What is being asked >>
Look below for the line with "Example • A"; begin the copy there and stop after the line with "Новый год без", keeping the text exact and the pictures out.

Available data >>
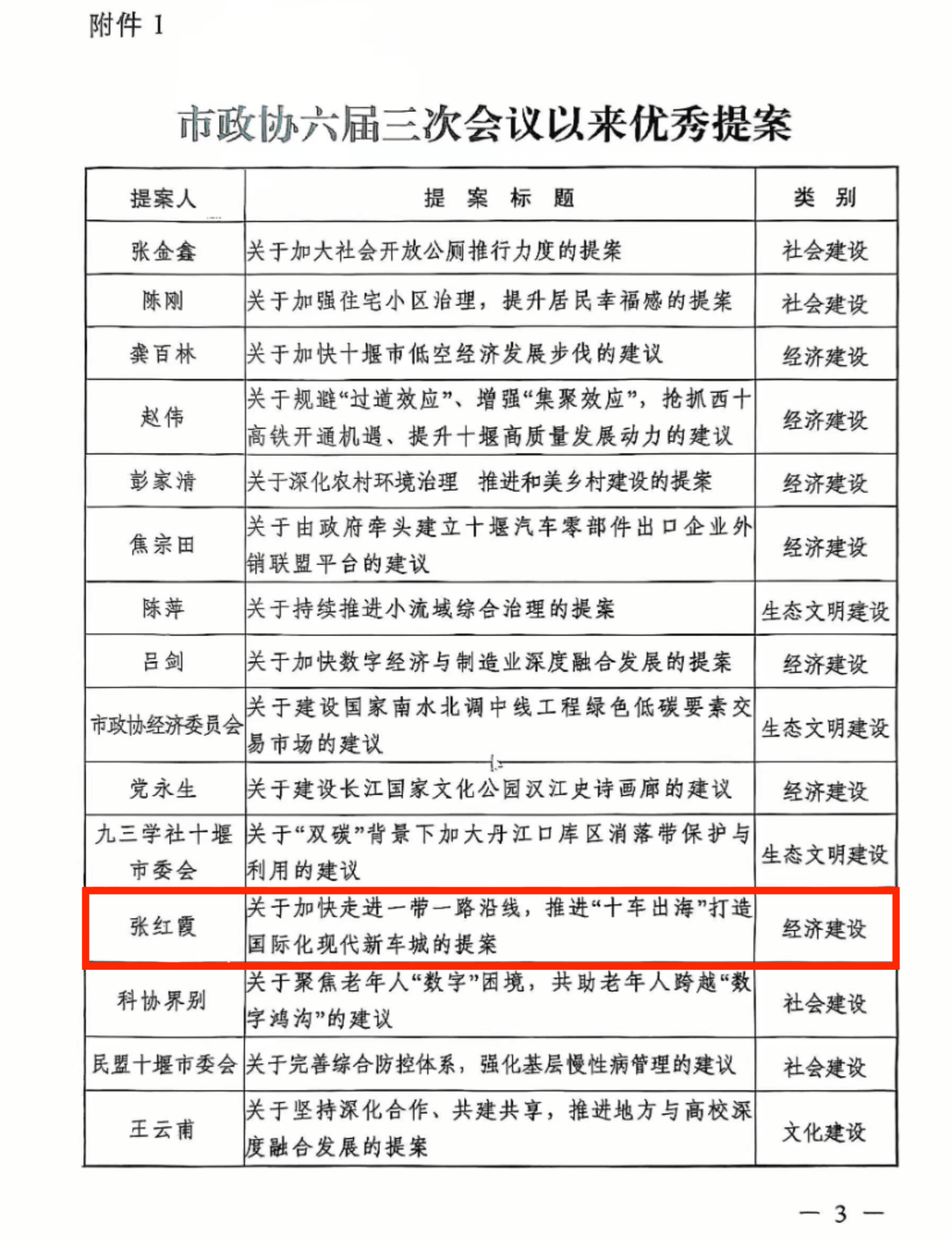 会上,政协十堰市委员会对《关于加大社会开放公厕推行力度的提案》等15件优秀提案和市委办公室等10个提案办理先进单位予以通报表扬。作为十堰市政协委员,张红霞多年来认真履行职责,充分发挥自身优势,积极关注汽车行业发展前沿,关注十堰经济社会发展的突出问题和涉及国计民生的重大课题并积极建言献策,深受好评。
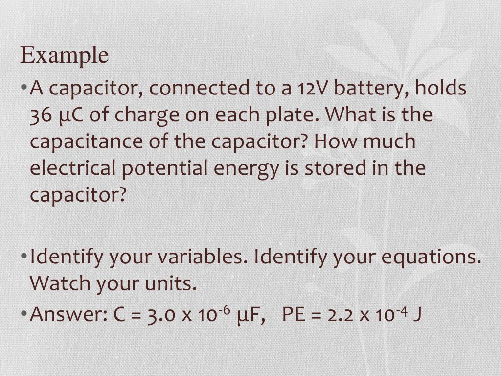 Example • A capacitor, connected to a 12V battery, holds 36 μC of charge on each plate. What is the capacitance of the capacitor? How much electrical potential energy is stored in the capacitor? • Identify your variables. Identify your equations. Watch your units. • Answer: C = 3.0 x 10-6μF, PE = 2.2 x 10-4 J
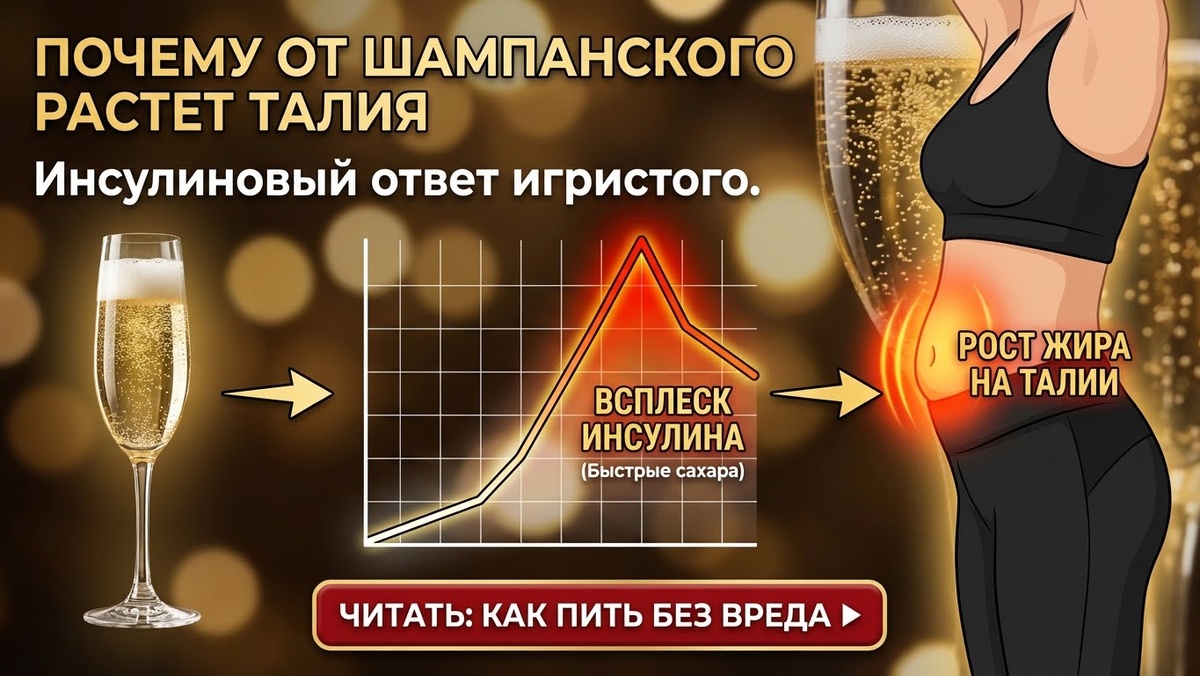 Новый год без шампанского — не Новый год. Мы привыкли считать его легким, праздничным напитком. «Ну что будет от пары бокалов? Это же не пиво и не жирный ликер». Но диетологи и эндокринологи знают печальную статистику: именно любители игристого чаще всего жалуются на рыхлость тела и «спасательный круг» на талии, который невозможно убрать в спортзале. Проблема не только в сахаре. Проблема в пузырьках.
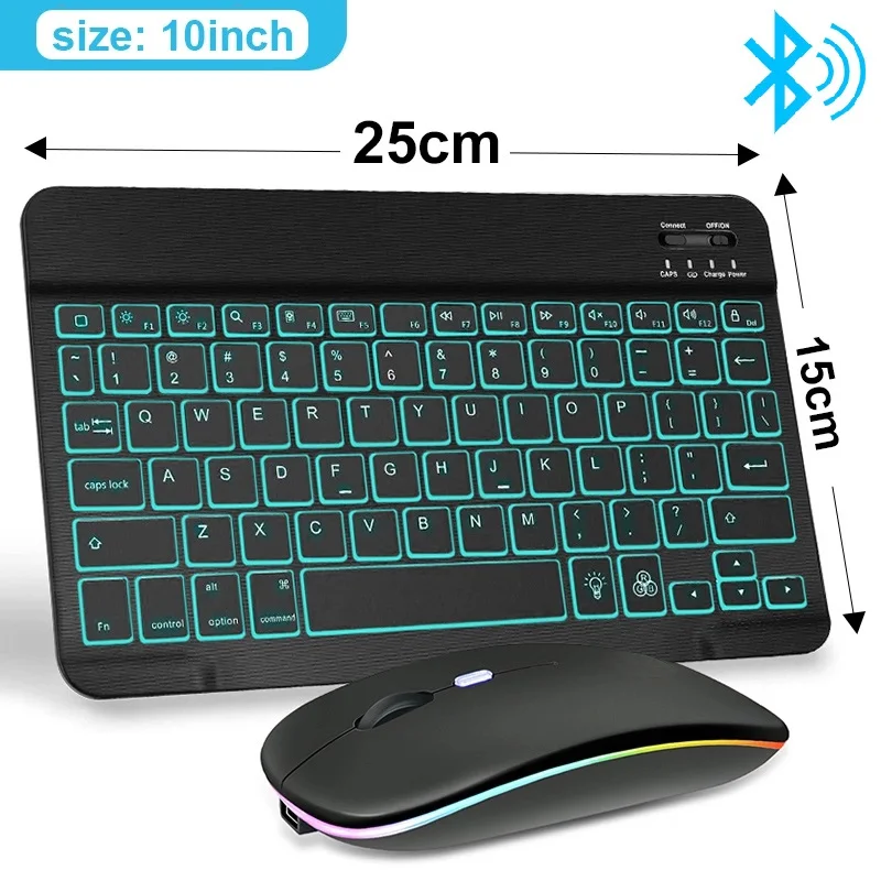 【 7 подсветкой цвета KEYBOARD】 нескольких устройств клавиатура имеет 7 различных светодиодный режима освещения, 2 уровней яркости подсветки. Усовершенствованная технология bluetooth 5,1 обеспечивает одновременное соединение кабеля и легко подключается 【идеальный размер и ультратонкий 】 Эта компактная и сверхтонкая клавиатура с тонким профилем может облегчить переноску и перемещение. Модный и свежий внешний вид может принести счастливое настроение 【стильная беспроводная мышь RGB 】 компьютерная мышь поставляется с 2 режимами подключения (BT5.0 + USB) и около 10 эффектов подсветки, c 3 DPI регулируемые уровни (800/1000/1600) позволяет получить более точное управление, отслеживать более плавный 【перезаряжаемый и QUITE】 со встроенным аккумулятором, И клавиатура, и мышь можно заряжать с помощью перезаряжаемого кабеля. Удобный набор текста, бесшумный щелчок, даже если вы работаете ночью, это не повлияет на отдых вашей семьи, заставит вас сконцентрироваться на своей работе 【универсальная Совместимость 】 Широкая совместимость с Mac OS, iPad OS, система iOS, Android, Windows XP / 7 / 8 /10. Хорошо работает с настольными компьютерами/ПК/ноутбуками/компьютером/iPad / iPhone/android-телефонами, такими как Samsung, Huawei,Iphone

Worked solution >>
 Example • A capacitor, connected to a 12V battery, holds 36 μC of charge on each plate. What is the capacitance of the capacitor? How much electrical potential energy is stored in the capacitor? • Identify your variables. Identify your equations. Watch your units. • Answer: C = 3.0 x 10-6μF, PE = 2.2 x 10-4 J
 Новый год без шампанского — не Новый год. Мы привыкли считать его легким, праздничным напитком. «Ну что будет от пары бокалов? Это же не пиво и не жирный ликер». Но диетологи и эндокринологи знают печальную статистику: именно любители игристого чаще всего жалуются на рыхлость тела и «спасательный круг» на талии, который невозможно убрать в спортзале. Проблема не только в сахаре. Проблема в пузырьках.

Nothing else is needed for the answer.